Семко — страница 80 из 98

Хильда, может, преувеличила в своей заботе, но в этом мраке и тайнах, должно быть, что-то скрывалось.

– Я королева, – для своего успокоения повторила в духе Ядвига.

Она хотела чего-нибудь ещё добиться от своей старой воспитательницы. То, что она говорила, выглядело какой-то сказкой и выдумкой, так дико и страшно звучало.

Этот король-язычник, должно быть, был государем весьма обширных земель, населённых дикими людьми, которые привыкли пить кровь своих пленников и пожирать младенцев. Вся эта замёрзшая, ледяная, покрытая снегами, заросшая лесами земля была в руках язычников, которые ненавидели христиан и имени Христа. Ягайлло, должно быть, был убийцей собственного дяди и нескольких братьев, исполненным злобы, мстительным и жестоким. Рассказывали о нём, что он мало отличался от медведя и рычал, как они.
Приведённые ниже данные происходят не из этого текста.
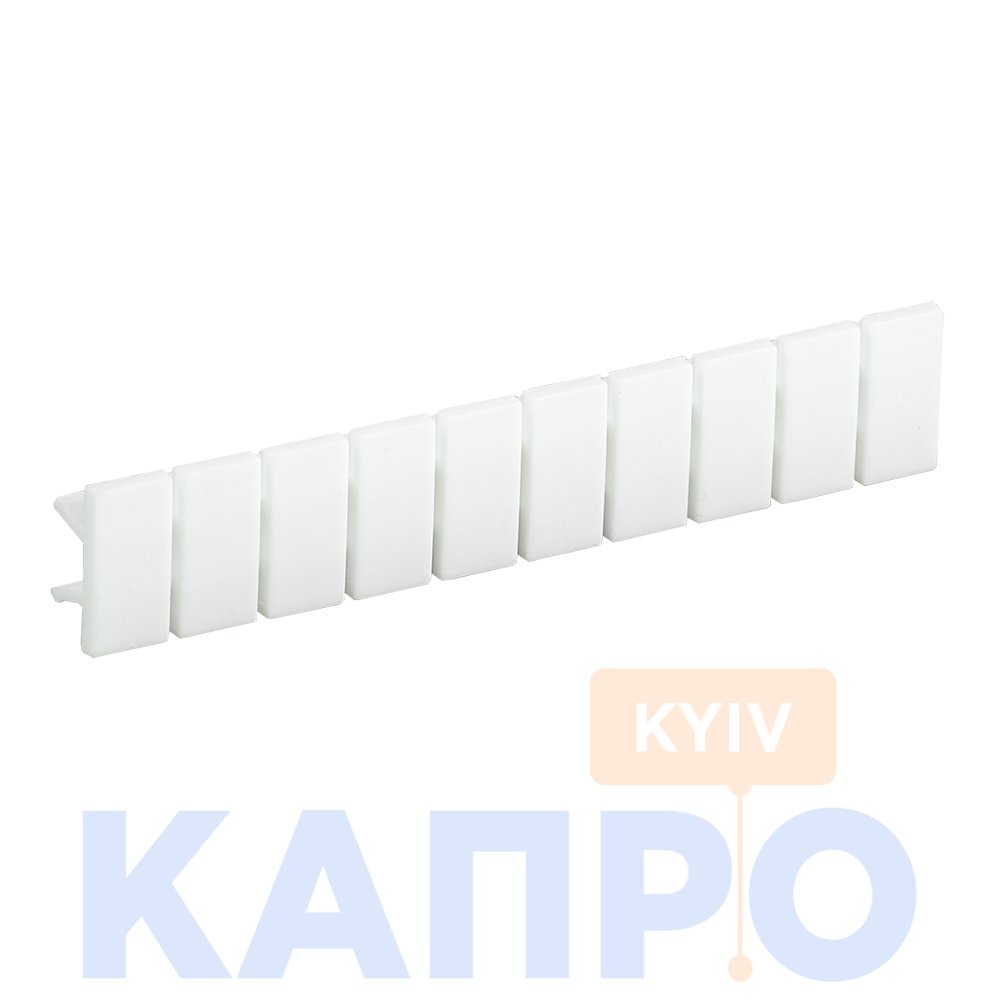 ОписМаркувальні пластини (маркери) з перетином 4 мм² використовуються для маркування рядів клемних збірок пружинного типу (клеми КПІ) в системах розподілу. Встановлюються у відповідні пази клеми. На маркери також може наноситися позначення, наприклад, нумерація № 1-10 або символи "L1, L2, L3, N, PE". Технічні характеристикиКолір: Білий

Ходил, покрытый шкурами, снятыми с недавно убитых животных… ел жёсткое мясо…

Но так как у него были несметные сокровища, он смог подкупить им польских панов, которые решили продать ему свою красивую королеву.

Хильда прибавляла, что у язычника этих жён, невольниц и наложниц было не счесть. Это повествование очень отдавало сказкой, как будто сложенной для устрашения детей, так что само это преувеличение немного её успокоило.

Обняв охмистрину, задумчивая королева попросила наутро позвать к себе Гневоша, который был уже готов к этому.

Однако, прежде чем она могла поговорить с ним лично в присутствии Хильды, пришли паны Совета, прибыл епископ Радлица и, взглянув на их спокойные, честные лица, королева почти устыдилась своего легковерия.

Её только поразило, что именно в этот день они сошлись в более значительном количестве, с какой-то торжественностью, и словно хотели изложить ей важное дело.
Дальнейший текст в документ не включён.